Hemda mettra à mourir bien de l’application et quelque quatre cents pages. C’est un tombeau de papier, magnifique et glaçant, en même temps qu’un concentré de colère, que lui offre l’une des plus accomplies romancières de ce temps. Tous ceux qui ont eu la chance de lire Vie amoureuse, Mari et femme ou Thèra (Gallimard, 2000, 2002 et 2007) savent que Zeruya Shalev est l’incontestable chef de file de la littérature israélienne contemporaine (avec sans doute, dans un registre plus "classiquement" romanesque, Eshkol Nevo). Elle le confirme avec cette leçon de ténèbres, ce magistral Ce qui reste de nos vies. Tour à tour, Hemda, du fond de sa chambre d’hôpital, Dina et Avner, à son chevet ou dans ce qui reste de leurs foyers respectifs, viennent y exposer leurs chagrins, leurs peurs et parfois, même si de façon ténue, leurs espoirs. Dina a trop aimé sa fille unique qui désormais adolescente, s’éloigne d’elle, n’a pas su retenir son mari. Avner est un avocat idéaliste défenseur de plus en plus sans illusions de la cohorte de laissés-pour-compte que génère la société israélienne. Et tandis que sa sœur se perd dans un rêve d’adoption et d’harmonie retrouvée, à l’hôpital, il rencontre une femme venue accompagner son amant mourant.

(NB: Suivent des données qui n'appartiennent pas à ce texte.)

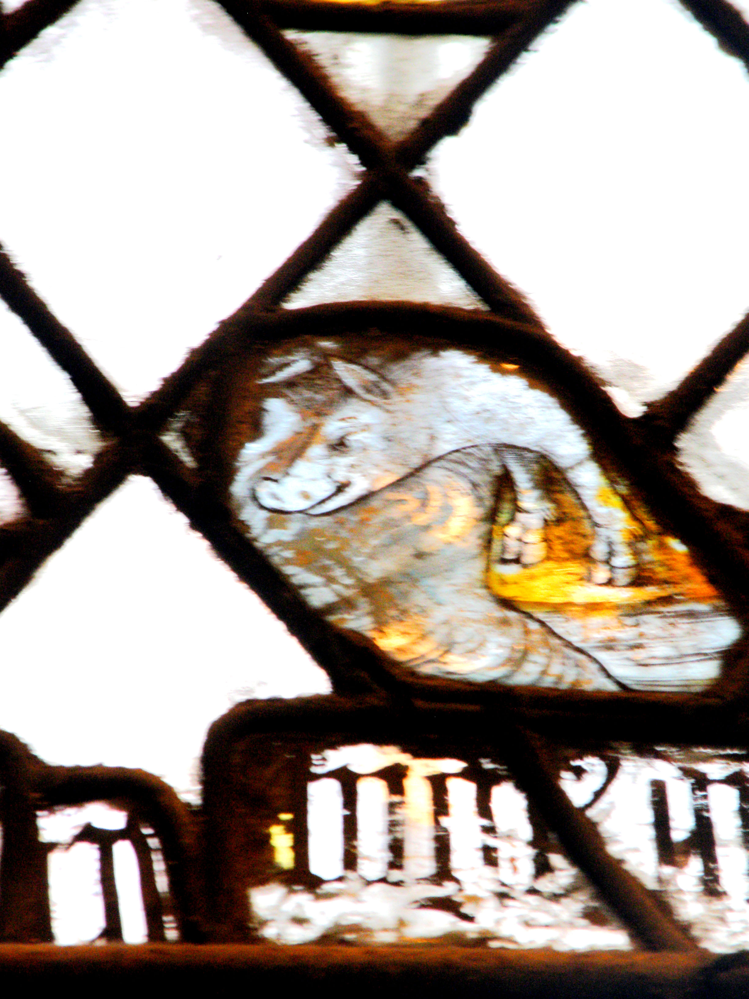Recently I was in Great Malvern and visited the priory church in the centre of town. It is known for its 15th century stained glass, including the West Window which was commissioned by Richard Duke of Gloucester and his wife Anne. Although the original Doom/Day of Judgement scene in Richard’s window is no longer visible, the glass having been scattered in fragments throughout the other windows of the priory, it is still possible, if one knows where to look, to pick out Richard’s white boar, his arms with two very damaged boar supports, and Anne’s arms with two bear supports.

Pas un instant Zeruya Shalev ne permet que retombe l’intensité de son récit, jamais non plus elle ne laisse le contexte sociopolitique de son pays le coloniser. Bien sûr, ces femmes aux prises avec la promesse non tenue du monde et de leurs vies peuvent être comprises comme autant de métaphores d’Israël. Pourtant, il est moins question de cela que, dans une langue ample et précise à la fois (servie par une traduction impeccable), de la lenteur des choses et des éclats d’épiphanie que donne toute existence. Sur la famille, la maternité, la dépossession de soi, ce livre magnifique offre une méditation funèbre. O. M.